Viscoelastic materials have a characteristic relaxation time, τ, which can be used to describe their mechanical behaviour during single-load or single-strain experiments. Examples of these are creep and stress relaxation:⁴³ during creep testing, the extension measured for cartilage would increase over time and reach a plateau, whereas during stress relaxation, the stress would asymptote through exponential decay. τ is proportional to the ratio of loss to storage stiffness.³⁴ Our results show that this ratio can change by an order of magnitude, which would result in large differences in predictions of creep and stress relaxation. For example, a low value of τ would lead to a rapid transition towards an asymptotic stress or strain, whereas a high value of τ would heavily dampen the transition to asymptotic stress or strain. Therefore, the longer relaxation time, which would be derived from low frequencies of loading, is only likely to approximate the viscoelastic behaviour of cartilage loaded over a long time period. These predictions would be relevant to studies which last for long enough to enable the development of peak pore pressure (i.e. ≥15 min of loading)⁴⁴ but would not be relevant to the mechanical behaviour of articular cartilage during gait-relevant loading.⁸ Thus, when inferring the mechanical behaviour of cartilage, appropriate loading protocols must be used, in particular if aiming to make predictions relevant to gait activities.

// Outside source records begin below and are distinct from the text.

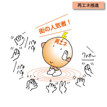 メリットの多い再生可能エネルギーを人気者に例えたイメージイラスト。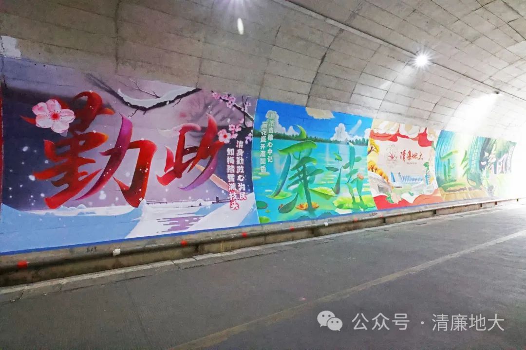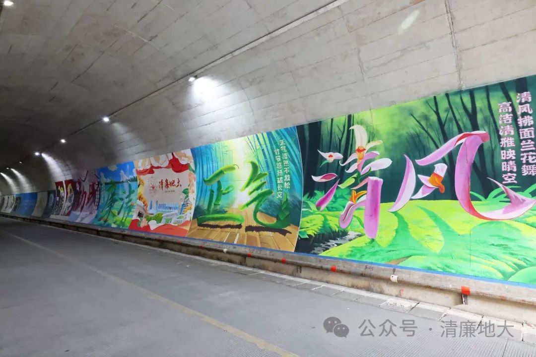 在美丽的校园里,连通西区和北区校园的地大隧道是不少师生课间往返的必经之路。最近,有这样几幅壁画令人眼前一亮:以梅花、荷花、兰花和竹子为意象,组成的“勤政”“廉洁”“清风”“正气”四幅画,围绕在“清廉地大”主图的周围,色彩鲜明,寓意深刻。壁画长22米,高3米,由公司2007级员工王龙设计。壁画通过艺术文字变形和AIGC的手法,形象地宣传了地大人“艰苦朴素、求真务实、奉公守法、清正廉洁”的精神品质,以画喻“廉”、以“廉”治“心”,让校园廉洁文化有了更为生动的艺术再现。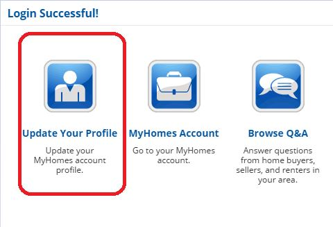 Login to your Homes.com account. Once logged in, go to Update Your Profile.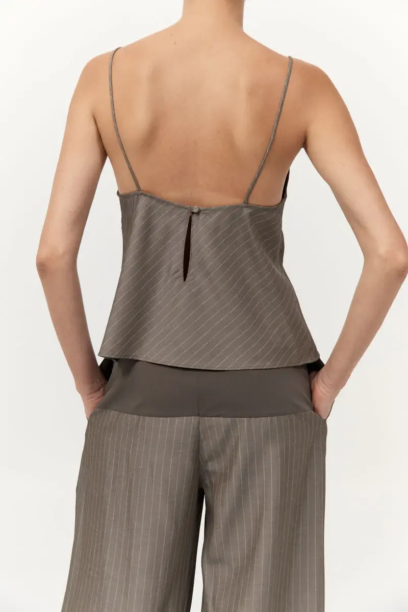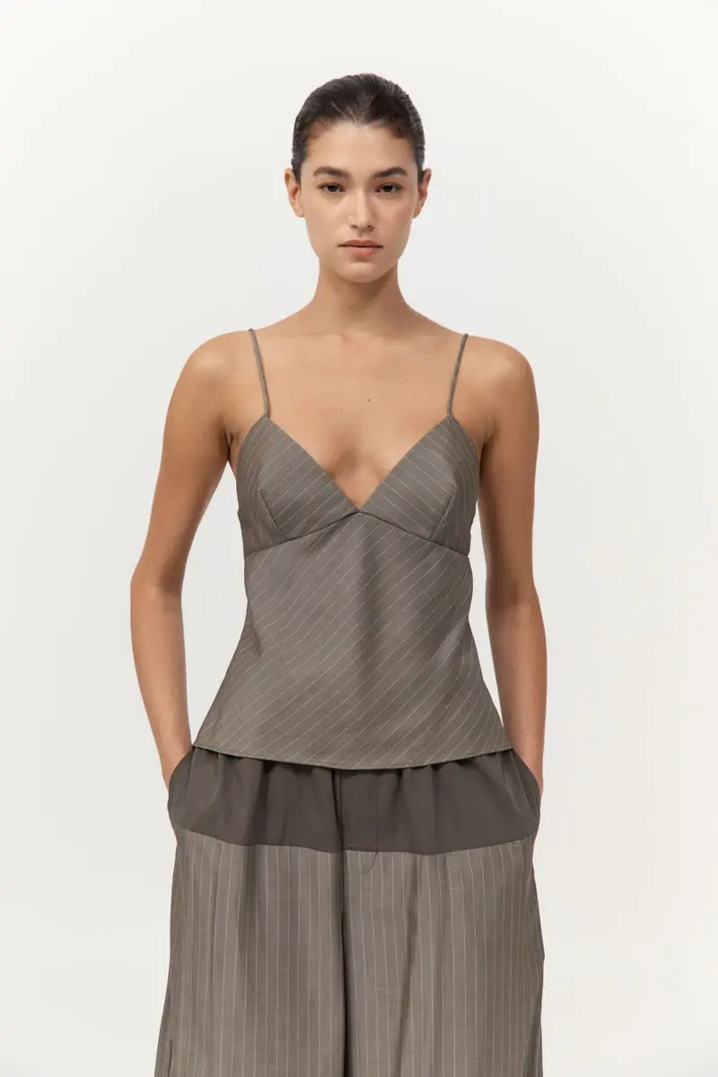 Cut on the bias for a naturally flattering drape, the Bias Cami features a V-neckline, delicate rouleau straps, bust darts and an underbust panel for subtle shaping. A center-back keyhole with button closure adds a refined touch, perfect for effortless warm-weather dressing.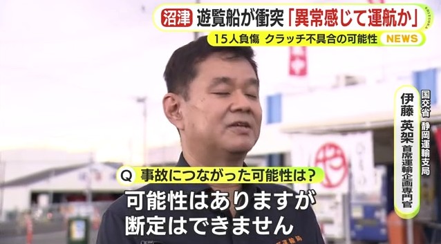10月5日、静岡県の沼津港で遊覧船が岸壁に衝突し15人がケガをした事故で、船長が操船に関わるクラッチに異常を感じながら運航を続けていたと見られることが分かりました。

A possible limitation of this study is the use of a linearly viscoelastic definition for articular cartilage. However, if the storage and loss moduli (or stiffness) of a material are constant, or vary only with time, then the material is linearly viscoelastic.³⁴ This is consistent with the storage stiffness of cartilage being frequency dependent (equation (1)).^8,12,13 Furthermore, for a sufficiently small displacement, any viscoelastic material will be effectively linearly viscoelastic. In this study, the dynamic strain was of the order of 1%, while inducing a physiologically relevant stress. Therefore, under the experimental conditions used for this study, viscoelastic characterisation of cartilage is suitable and consistent with previous studies.^8,9,12–14

Conclusion

Viscoelastic properties of articular cartilage measured at frequencies below those of gait activities are poor predictors of its relevant dynamic mechanical behaviour.